This is actually pretty even. Since the job search index is relative to
the worker connection, the job server itself isn't necessarily
prioritizing where the jobs come from. Since they all iterate through
where they first look for jobs, short queues tend to stay depleted and
large queues get chewed on as much as they can.
This algorithm has been pretty fair to us so far - when you start to
prioritize jobs you have to be careful to not starve the smaller queues.
Keeping all queues busy at all times is an easy answer to that.
-Dormando
On Tue, 28 Jul 2009, Eric Day wrote:
>
> Hi Yasser,
>
> Thanks for the patch! I'll take a closer look at this and try to
> integrate it within the server as an optional behavior. The current
> behavior is nice because it is simple, fast, and adequate for many
> workloads. Having this time based option will be useful as well, but I
> want to make sure it is not required (especially since gettimeofday()
> can translate to a system call on some architectures). I'll try to
> get this into the 0.10 release.
>
> Thanks!
> -Eric
>
> On Sun, Jul 26, 2009 at 12:30:48AM -0500, Yasser Gonz?lez Fern?ndez wrote:
> > Hello everyone,
> >
> > As Eric Day said in a previous thread titled "order of grabbed jobs": when a
> > worker asks for a job, the job server (of the C implementation) walks through
> > each function that the worker registered until it finds one with a job. This
> > implementation breaks the FIFO behavior between the queues of different
> > functions, specially (only?) when a worker declares it can do more than one
> > function because it will not execute jobs for the second function until the
> > queue for the first function is empty.
> >
> > In the "order of grabbed jobs" thread, various solutions were discussed:
> > round-robin through the abilities of the worker, select the job from the
> > largest queue. I tried to implement a solution proposed by Ernesto Reina based
> > on adding timestamps to each job and then, when a worker asks for a job, the
> > job server will assign the older job with the highest priority it can do.
> >
> > I first tried adding seconds-based timestamps (using time()) to
> > gearman_server_job_st but this was not enough to disambiguate between jobs
> > added using the Concurrent Client Interface (gearman_client_add_task,
> > gearman_client_run_tasks) and then changed to useconds-based timestamps (using
> > gettimeofday()) and it seems to be working as expected.
> >
> > I attach a patch to the 0.8 release. (I think) It does not work if any kind of
> > persistence is used in the queues of the job server. I hope it is
> > useful. Comments are welcomed.
> >
> > Huge thanks,
> >
> > --
> > Yasser Gonz?lez Fern?ndez
I found that I needed the FIFO ordering as well. I tried to apply
Yasser's patch to the 0.9 release but was unable to. The exact
implementation confused me a bit, so I ended up refactoring it, but
it is basically Yasser's patch.
I have uploaded the changes to lp:~coryb/gearmand/time-order
I also added a -T or --time-order option to enable the time ordering
FIFO. Without this enabled the gettimeofday overhead you were
concerned with will not happen. So the default behavior is the same
as it is today (with 2 extra conditional checks), but the the
--time-order will get the FIFO order based on gettimeofday.

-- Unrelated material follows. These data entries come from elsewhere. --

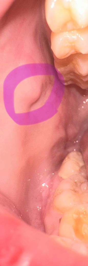 사진과 같이 양쪽 볼 옆에 볼록 튀어나와있어요!! 위치는 비슷한것 같아요~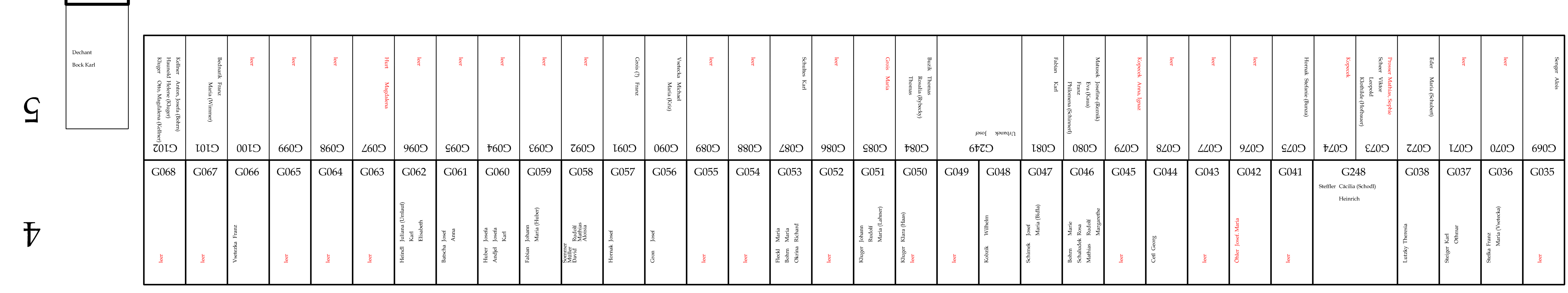 Da im Originalplan die Beschreibung der Gräber nach der Richtung der Grabsteine orientiert ist, wird hier sowohl die Normaldarstellung als auch eine um 180° gedrehte Darstellung zum Download angeboten.
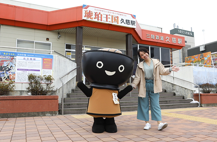 三陸鉄道「北の玄関口」久慈駅。北限の海女で知られる小袖海岸や、日本随一の琥珀の産地など海、山それぞれの魅力がいっぱいの久慈の旅スタートです!

These changes will break binary compatibility since we had to
add to the gearman_server_st and gearman_server_job_st. Sort of
hard to see what the "public interface" is since all the .h files
are shipped and included via gearman.h, so no idea how you guys
deal with binary incompatible changes. Perhaps you can think
of a way to make these changes that would be binary compatible?
Let me know if there are any questions/concerns.
Thanks!
-Cory
This effectively randomizes which queue jobs come out of at any particular
instant, along with guaranteeing that all queues are crawled quickly. It's
like a crazy crosspattern. (otherwise you'd just iterate on the server
level).
I have tested a bit the FIFO ordering you both implemented and it
works perfectely well (as I spect). Thank you both, and keep
contributing.
--
Ernesto Rodriguez Reina
This was one of the algorithms we discussed previously, and the one
I am leaning towards the most since it has very little overhead. The
time-based one would also be fair for some loads, and I think is a
good option to have. The current one is pretty dumb and just finds the
first job it can (no guarantee to the order of that). I'll probably
make the round-robin behavior the default.

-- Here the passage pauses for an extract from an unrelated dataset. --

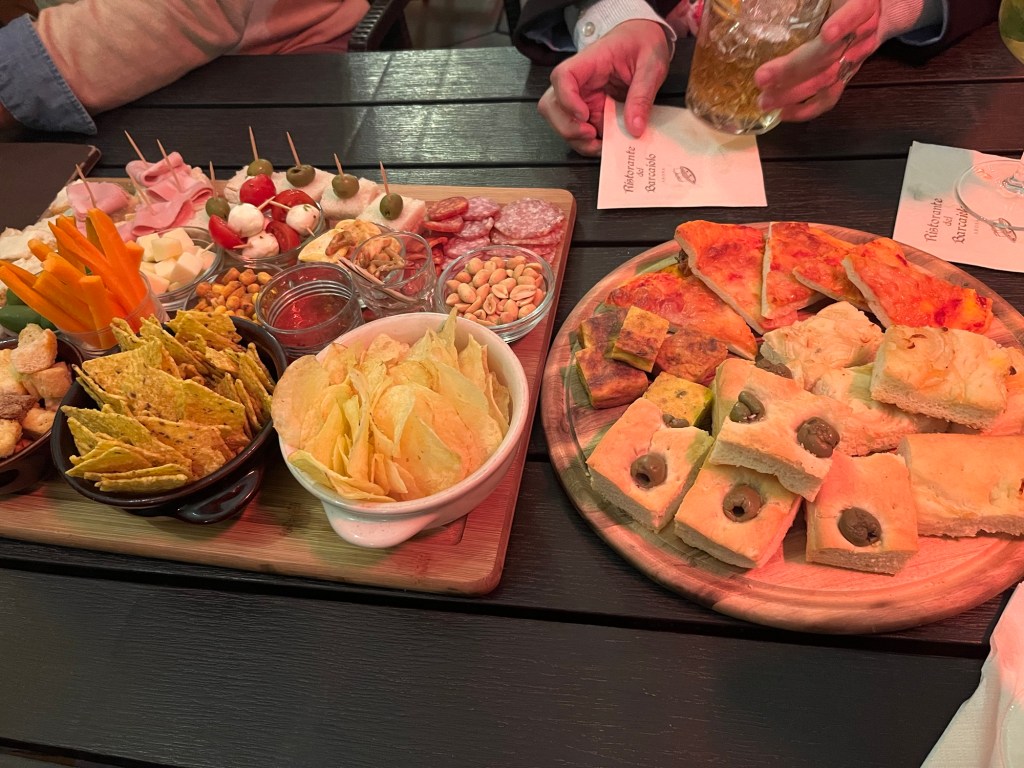 Despite the ribbing, made our train with time to spare. My companions dozed off and on during the one hour trip back to Arona. Once we collected our car, we introduced the group to the Italian Appertivi. You buy a drink and for a small fee you get appetizers (sometimes they are free/in today’s case $2.00 euro). Our table was covered in food. We sipped and ate and laughed. Turns out we can have a whole lot of fun unsupervised.

The plan in the C server is to have flags to trigger the various
queue behaviors to help match the load.
-Eric
I'll try to work this patch into the next release. I also will be
adding the round-robin behavior Dormando talks about.
For binary compatibility, we should not see any issues. Only gearmand
uses the gearmand*_st and gearman_server*_st structs right now. They
are provided as headers because gearmand itself if fully embeddable and
you could build your own, custom gearmand using the gearman_server*
interface. They are just a few abstraction layers to help with
code-reuse and extensibility. For anyone thinking of using these
interfaces, please consider extending the implementation we already
have first. :)
-Eric